When private thoughts become public

Susan, a 14-year-old from Cincinnati, knows firsthand how surveillance companies can target students for discussing their sexuality. In middle school, she was assigned to write a “time capsule” letter to her future self. 

Until Susan retrieved the letter after high school graduation, her teacher said that no one — not even him — would read it. So Susan, who is now a freshman and asked to remain anonymous, used the private space to question her gender identity. 

But her teacher’s assurance wasn’t quite true, she learned. Someone had been reading the letter — and would soon hold it against her. 

In an automated May 2021 email, Gaggle notified her that the letter to her future self was “identified as inappropriate” and urged her to “refrain from storing or sharing inappropriate content.” In a “second warning,” sent to her inbox, she was told a school administrator was given “access to this violation.” After a third alert, she said, access to her school email account was restricted. She said the experience left her with “a sense of betrayal from my school.” She said she had no idea words like “gay” or “sex” could get flagged by Gaggle’s algorithm.

Susan, a student from Cincinnati, received an email alert from Gaggle notifying her that her classroom assignment, a “time capsule” letter to her future self, had been “identified as inappropriate.” (Courtesy Susan)

“It’s frustrating to know that this program finds the need to have these as keywords, and quite depressing,” she said. “There’s always going to be oppression against the community somewhere, it seems, and it’s quite disheartening.” 

School administrators reviewed the time capsule letter and determined it didn’t contain anything inappropriate, her mother Margaret said. While Susan lives in an LGBTQ-affirming household, Thomas, who grew up in Mississippi, warned that’s not the case for everyone.

“That’s not just the surveillance of your activities, that’s the surveillance of your thoughts,” Thomas said of Susan’s experience. “I know that wouldn’t have gone very well for me and I know for a lot of young people that would place them in a lot of danger.”

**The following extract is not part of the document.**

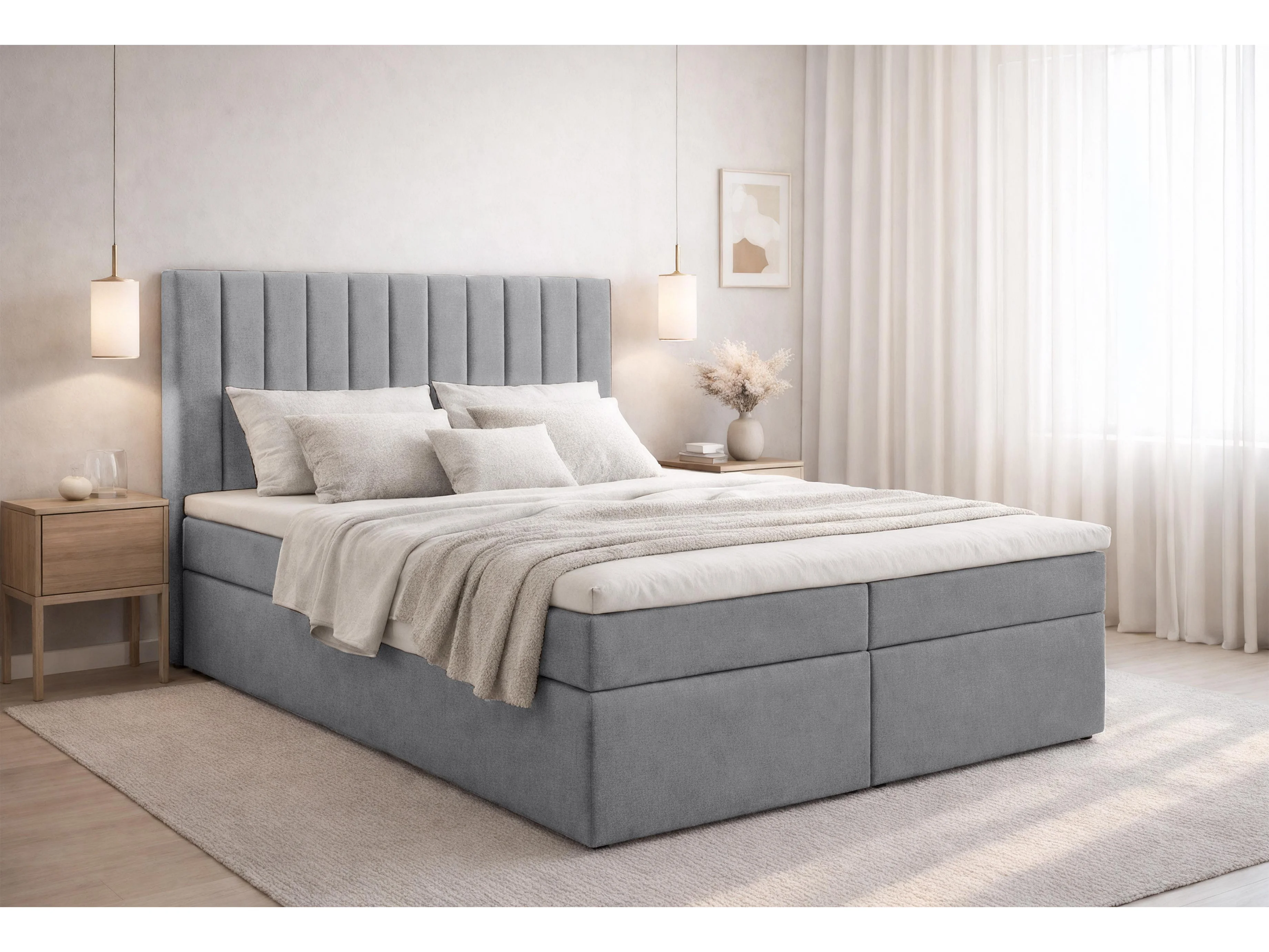 AX LIVING Stauraum Boxspringbett Grau 180x200 cm mit Topper Bursa Doppelbett

Such harms could be exacerbated, Margaret said, if authorities use student data to enforce Ohio’s strict abortion ban, which has already become the subject of national debate after a 10-year-old girl traveled to Indiana for an abortion. A 27-year-old man and accused of raping the child. 

Cincinnati Public Schools spokesman Mark Sherwood said in an email that “law enforcement is immediately contacted” if the district receives an alert from Gaggle suggesting that a student poses “an imminent threat of harm to self or others.” 

Given the state of abortion rules in Ohio, Susan said she’s concerned that student conversations and classroom assignments that discuss gender and sexuality could wind up in the hands of the police. She lost faith in school-issued technology after her assignment got flagged by Gaggle. 

“I just flat out don’t trust adults in positions of power or authority,” Susan said. “You don’t really know for sure what their true motives are or what they could be doing with the tools they have at their disposal.”